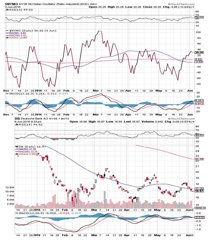 In 17 days time, on the 23rd. of June, Britain goes to the polls to decide whether to stay in the European Union or not. Should Great Britain opt to leave it will send financial and political shock waves around the world. Many believe a win for the leave faction would put Europe’s stressed banking system under such pressure that a “Lehman Brothers type event” could occur, the main candidate being Deutsche Bank with its 75 trillion derivative exposure. Thus June 2016 could turn out to be one of the most volatile trading months in financial history.
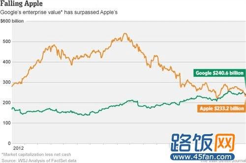 所以如果剔除掉这一部分资金的话,苹果的市值只有2330亿美元,谷歌则为2410亿美元。
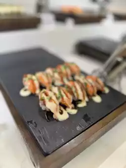 5. The restaurant focuses on fresh on-site preparation, with sushi, salad and Korean barbecue served on site.
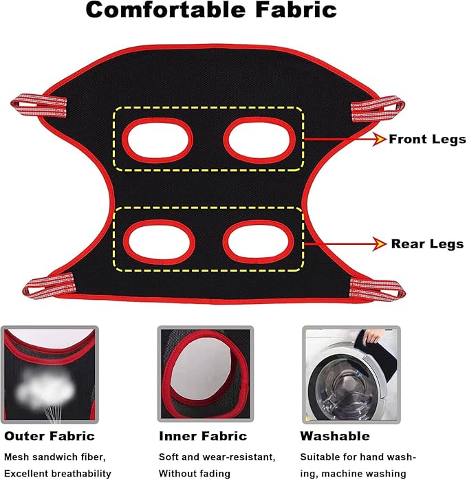 • 【Size Tip】Size L is suitable for pets with about 10.2 inches between the front and rear legs,In order to make your pet fit perfectly with the grooming hammock, please measure the distance between your pet's legs before purchasing, and the maximum load weight is 55 lbs

__________

▶ [Exercise goal] Reproduce the full listing verbatim so that only the pictures are missing.

▶ [Task solution]
 In 17 days time, on the 23rd. of June, Britain goes to the polls to decide whether to stay in the European Union or not. Should Great Britain opt to leave it will send financial and political shock waves around the world. Many believe a win for the leave faction would put Europe’s stressed banking system under such pressure that a “Lehman Brothers type event” could occur, the main candidate being Deutsche Bank with its 75 trillion derivative exposure. Thus June 2016 could turn out to be one of the most volatile trading months in financial history.
 所以如果剔除掉这一部分资金的话,苹果的市值只有2330亿美元,谷歌则为2410亿美元。
 5. The restaurant focuses on fresh on-site preparation, with sushi, salad and Korean barbecue served on site.
 • 【Size Tip】Size L is suitable for pets with about 10.2 inches between the front and rear legs,In order to make your pet fit perfectly with the grooming hammock, please measure the distance between your pet's legs before purchasing, and the maximum load weight is 55 lbs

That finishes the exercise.